_Excerpted records_
───
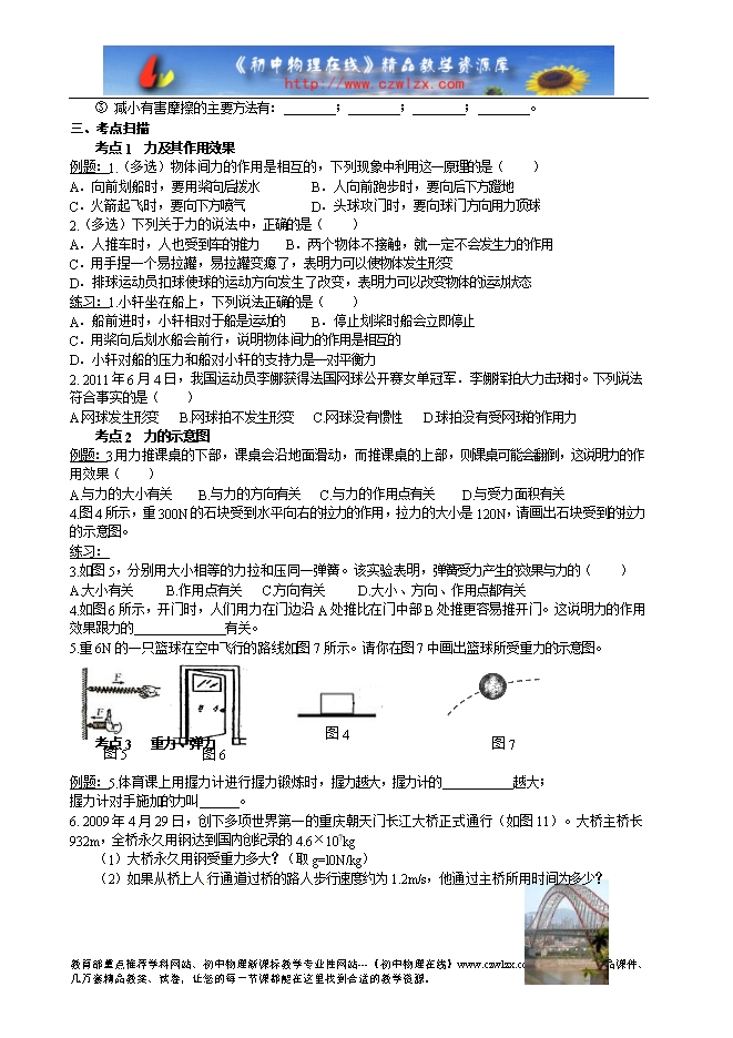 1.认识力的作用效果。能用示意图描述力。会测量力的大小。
───
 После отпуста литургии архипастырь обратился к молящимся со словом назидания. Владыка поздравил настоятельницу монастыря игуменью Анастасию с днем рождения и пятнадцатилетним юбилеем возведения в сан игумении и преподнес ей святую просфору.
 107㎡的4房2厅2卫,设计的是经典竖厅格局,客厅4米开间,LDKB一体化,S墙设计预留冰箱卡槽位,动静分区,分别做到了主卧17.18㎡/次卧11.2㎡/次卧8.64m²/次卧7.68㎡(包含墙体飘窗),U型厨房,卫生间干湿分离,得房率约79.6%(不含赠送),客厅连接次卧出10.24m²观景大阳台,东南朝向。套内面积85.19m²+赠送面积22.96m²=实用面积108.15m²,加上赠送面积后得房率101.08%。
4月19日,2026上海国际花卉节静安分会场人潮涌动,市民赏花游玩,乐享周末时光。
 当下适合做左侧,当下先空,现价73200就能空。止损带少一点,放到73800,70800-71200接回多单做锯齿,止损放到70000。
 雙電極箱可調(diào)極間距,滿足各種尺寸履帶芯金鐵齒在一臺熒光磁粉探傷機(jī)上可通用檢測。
───
_Aim of the exercise_
Please transcribe only the lines in the records above running from the line that has "4月19日,2026上海国际" through the line that has "雙電極箱可調(diào)極間", both included, exactly as they appear.

_Written response_
4月19日,2026上海国际花卉节静安分会场人潮涌动,市民赏花游玩,乐享周末时光。
 当下适合做左侧,当下先空,现价73200就能空。止损带少一点,放到73800,70800-71200接回多单做锯齿,止损放到70000。
 雙電極箱可調(diào)極間距,滿足各種尺寸履帶芯金鐵齒在一臺熒光磁粉探傷機(jī)上可通用檢測。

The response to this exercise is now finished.